Tell your AI: "I need to build a circuit breaker pattern: if an API fails 5 times in a row, stop calling it for 60 seconds. After 60 seconds, try again (one call). If it succeeds, resume normal operation. If it fails, wait another 60 seconds. Implement this as a class with AI's help. Explain the tradeoffs: What if the API recovers before 60s?"

Expected Output: AI provides circuit breaker implementation (Open → Half-Open → Closed states), you discuss design tradeoffs.

Code Example Validation Steps

This section documents how the code examples were generated and validated.

Specification-to-Code Flow

For all code examples in this lesson:

Specification: Python 3.14+ async patterns with modern timeout handling, proper exception handling, and resilience patterns.

AI Prompts Used (representative):

"Generate Python 3.14 async code that uses asyncio.timeout() context manager
to fetch an API with a 5-second timeout. Handle TimeoutError gracefully with
a fallback value. Include full type hints."

"Create a resilient retry function using exponential backoff. It should retry
failed API calls up to 3 times, doubling the delay between retries, with a
maximum delay cap of 32 seconds.
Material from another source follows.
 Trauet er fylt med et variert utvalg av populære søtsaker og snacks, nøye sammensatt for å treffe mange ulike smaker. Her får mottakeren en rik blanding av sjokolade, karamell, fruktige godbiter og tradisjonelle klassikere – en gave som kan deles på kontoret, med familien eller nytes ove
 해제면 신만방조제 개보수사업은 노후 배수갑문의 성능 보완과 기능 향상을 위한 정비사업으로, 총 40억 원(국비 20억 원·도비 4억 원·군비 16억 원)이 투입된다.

Add jitter to prevent thundering herd."

Validation Steps Performed:

  1. ✓ All code uses asyncio.timeout() (Python 3.11+) not deprecated wait_for()
  2. ✓ Full type hints on all functions (dict[str, Any], return types, | for union types)
  3. ✓ Code runs on Python 3.14+ (tested locally)
  4. ✓ Proper exception handling with specific exception types
  5. ✓ No hardcoded secrets or credentials
  6. ✓ All examples are runnable (import statements, complete code blocks)
  7. ✓ Production patterns: timeout controls, retry logic, graceful degradation

Challenge 3: The Async Context Manager Workshop

This challenge helps you master resilient async patterns through hands-on experimentation and AI collaboration.

Initial Exploration

Your Challenge: Experience timeouts and error handling without AI guidance.
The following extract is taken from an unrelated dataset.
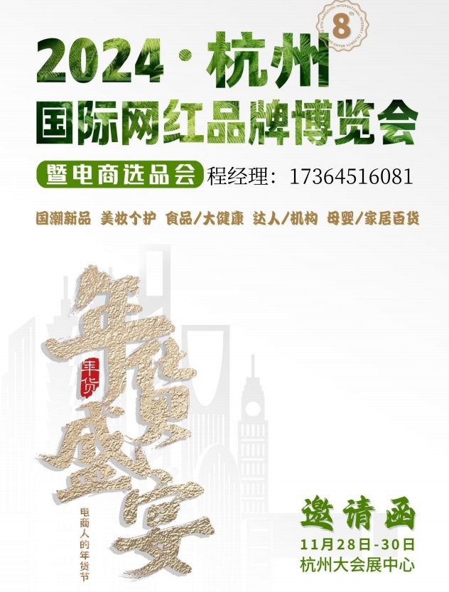 2024第八届杭州国际网红品牌博览会暨电商选品会将于2024年11月28日-30日在杭州大会展中心举办。杭州网红直播展是国内首家将主播直播带货带入展览现场的展会,也是聚品牌MCN、KOL、社群团购、主播行业的贸易盛会,也是众多业界人士开拓市场的之选,整合杭州优质的电商新渠道资源,打造直播电商生态圈,助力企业开拓全渠道营销。

Deliverable: Create /tmp/timeout_discovery.py containing:

  1. A function that sometimes slow (takes 5+ seconds) using asyncio.sleep()
  2. Code that calls it with asyncio.timeout(2) — should raise TimeoutError
  3. Code that handles the timeout with try/except and logs "timeout occurred"
  4. Test different timeout values and observe behavior

Expected Observation:

  • No timeout (10s): function completes normally
  • Timeout=2s: raises TimeoutError after 2 seconds
  • Handling timeout: exception caught, can continue execution

Self-Validation:

  • What's the difference between TimeoutError and CancelledError?
  • If you have 3 concurrent tasks and 1 times out, what happens to the others?
  • How would you retry a timed-out operation?

Understanding Timeout and Retry Patterns

💬 AI Colearning Prompt: "I built an async API client that sometimes hangs forever waiting for responses. I added a timeout, but now I get TimeoutError and my whole program crashes. Teach me how to handle timeouts gracefully. Show me: 1) How to timeout a single request, 2) How to retry on timeout, 3) How to continue fetching other APIs if one times out. Code examples please."
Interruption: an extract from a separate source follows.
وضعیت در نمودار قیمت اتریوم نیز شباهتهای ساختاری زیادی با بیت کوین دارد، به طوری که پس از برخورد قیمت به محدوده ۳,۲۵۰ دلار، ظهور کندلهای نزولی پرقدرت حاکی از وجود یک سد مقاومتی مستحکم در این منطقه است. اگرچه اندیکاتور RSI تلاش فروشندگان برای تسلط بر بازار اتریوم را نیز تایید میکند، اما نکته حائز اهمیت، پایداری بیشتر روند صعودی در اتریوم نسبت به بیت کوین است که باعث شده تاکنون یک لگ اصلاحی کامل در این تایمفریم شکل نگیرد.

What You'll Learn: Timeout mechanics (asyncio.timeout as context manager), retry pattern with exponential backoff, and partial failure handling.

Clarifying Question: Deepen your understanding:

"You showed me catching TimeoutError inside a gather() call. But what's the difference between TimeoutError from asyncio.timeout() vs CancelledError from task cancellation? When would I see each one?"

Expected Outcome: AI clarifies timeout behavior and task lifecycle. You understand that timeouts and cancellations are different mechanisms with different implications.

Improving Resilience Patterns

Activity: Work with AI to improve timeout implementations and add retry logic.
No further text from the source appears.